Morrow County’s Rod n’ Tique Car Club celebrates its 40th anniversary this year.
The club is commonly known for its annual Father’s Day car show held at the Morrow County Fairground.
It all began in 1976 when three young men – Richard Day, Homer Hellman and Bud Lemley – were in sitting in Lemely’s backyard thinking of a way to involve their families and friends with their love of cars.
“Somehow the name Rod n’ Tiques came up,” Lemley remembers, “and it just stuck immediately. Right from the start, we wanted family to be a part of it.”
Bud’s wife and club member, Diana, also has a car in the club, and according to Lemley, “She had to have it in her name so I wouldn’t keep tearing it down and rebuilding it. It’s a common urge if you’re in this hobby for long.”
According to Lemley, the show was started two years after the club’s founding and it’s been growing ever since.
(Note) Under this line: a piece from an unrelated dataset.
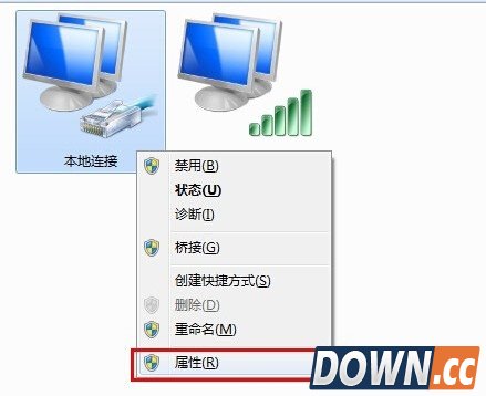 5、右击“本地连接”或“宽带连接”图标,从其右键菜单中选择“属性”项。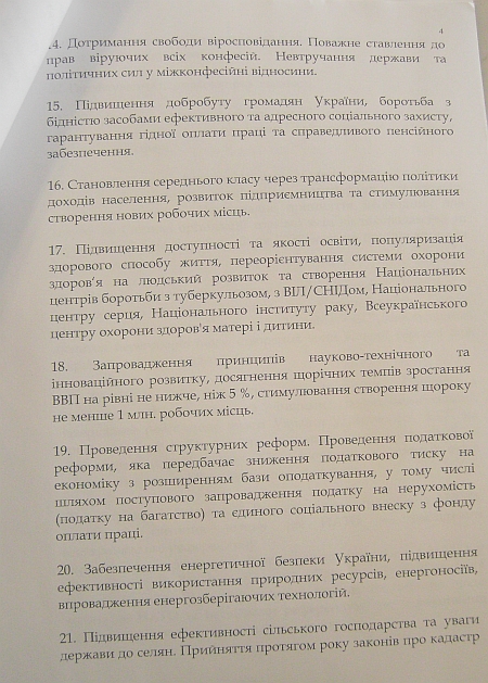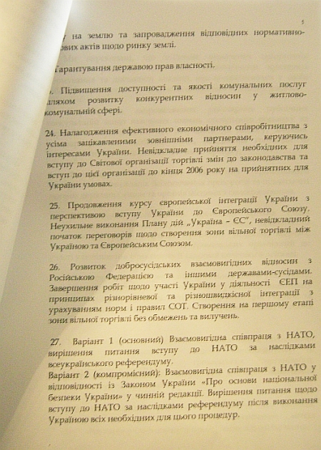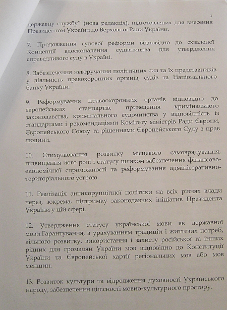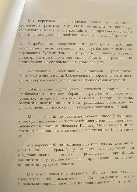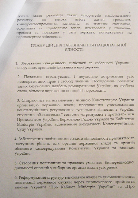 Вообще план действий в универсале предусматривает 27 пунктов. В проекте документа сказано, что положения этого универсала могут быть взяты в качестве основы коалиционного соглашения и программы деятельности Кабинета министров.

“We try to involve everyone who comes out by putting on games during the show,” he adds. “Club members organize races such as creeper, blind driver and backwards-steering lawnmowers, along with other games, with categories and awards for all. It’s a lot of fun for everybody.”
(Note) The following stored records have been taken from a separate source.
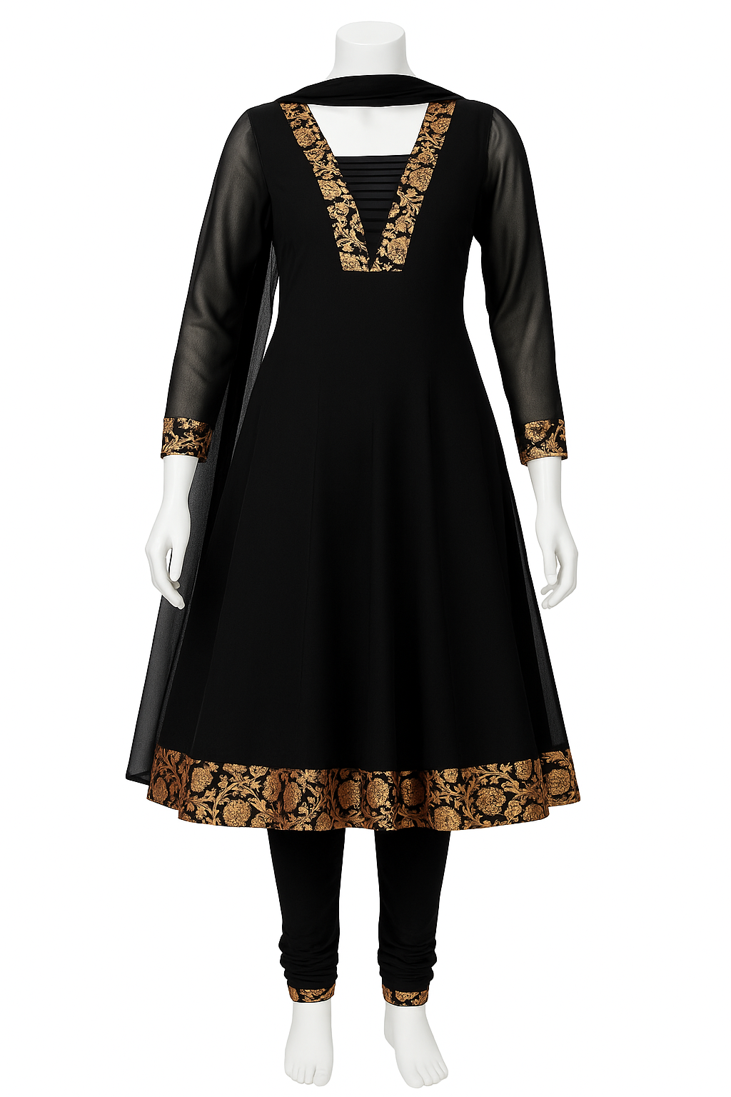 Black & Golden Anarkali Dress with Premium Stitching and Embroidered Borders | Mehlish Fashion Brand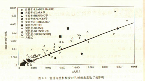 圖中所列的數(shù)據(jù)僅僅表明研究者對(duì)孔板做過這方面的研究,而不表明僅僅孔板有此影響。有的人吹噓說某種新型差壓裝置不像孔板那樣受雷諾數(shù)影響,不受管道內(nèi)壁粗糙度影響,那是不確切的。所有管壁取壓的差壓裝置都要受到雷諾數(shù)的影響和管壁粗糙度的影響。
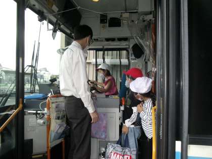 実際に運転席に座ってドアの開閉操作をさせていただいたことや、バスに乗り込んで洗車機の中を通ったことでした。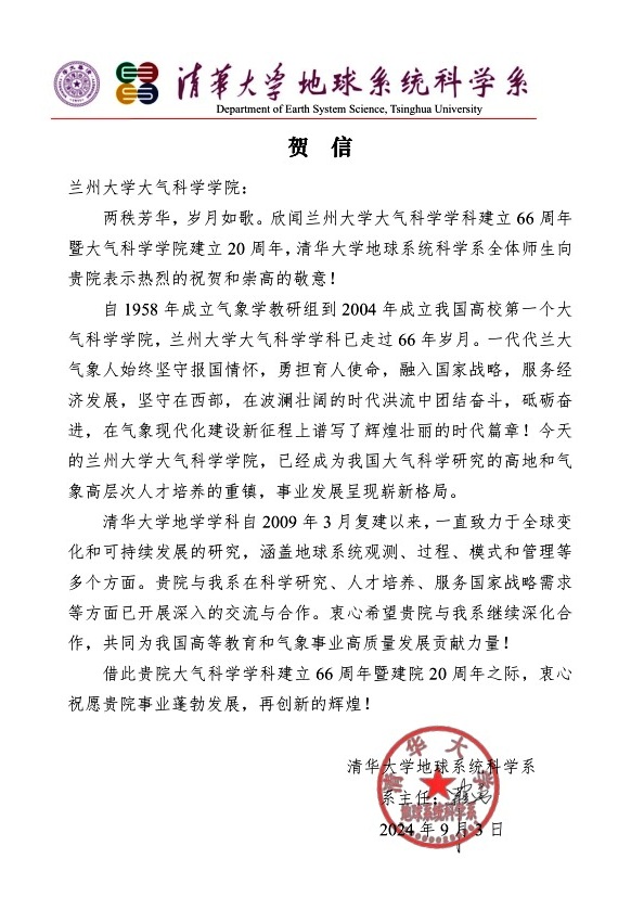 清华大学地球系统科学系致十大赌博正规网址排名榜建院20周年贺信

During the show, Lemley, the only remaining founding member, was constantly shaking congratulatory hands with friends new and old from around Ohio and neighboring states.
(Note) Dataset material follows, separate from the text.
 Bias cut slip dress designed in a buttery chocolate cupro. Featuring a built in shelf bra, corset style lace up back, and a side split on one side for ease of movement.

“It’s like a reunion each year,” he says. According to the Whirlpool retiree, this year of course is special because it marks another decade, but according to club member and wife, Diana, every year is no less.
The 2016 edition brought out over 230 show cars and over 100 spectator cars, around 400 people young and old– gray hair, long hair and no hair.
Indisputably, the most distance travelled was by 1965 Mount Gilead High School graduate Chuck Weaston, and his wife who now live in Rosenberg, Texas.
“I still have a lot of family and friends here and in the club,” says Weaston. “We just had to come this year to see everyone and be a part of the anniversary celebration.”
The club enjoys car “cruises” around the state, organized by its youngest member, 21-year-old Aaron Martin.
It’s a big job, according to club secretary Cheri Munroe, “But the memories are mostly with the people, not just the cars and the trips.
According to Munroe, the group really cares about the community as well as each other. “Each year we hold a 50/50 drawing and the proceeds go to the local hospice.”
Current president Damon Cooper explained, this year the club took over the restoration of a ’70 VW Bug — a project of a former member, now deceased — that was intended as a gift for his 16-year-old daughter.
The club plans to present it to her later this summer. According to Cooper, “She’s busting to get her hands on that car.”
The club is open to all and meets the first Sunday of each month at 6 p.m. in the Wilhelm Building on West Marion Road in Mount Gilead.
“A lot of people make it an expensive hobby,” says Cooper. “But it doesn’t have to be.”It’s about preservation as much as restoration and customization, he says. “Any type of car is welcome, from new to antique, muscle to tuner.”
And according to secretary Munroe, “We have members from many backgrounds, but all you have to do to enjoy yourself is like cars and car people.”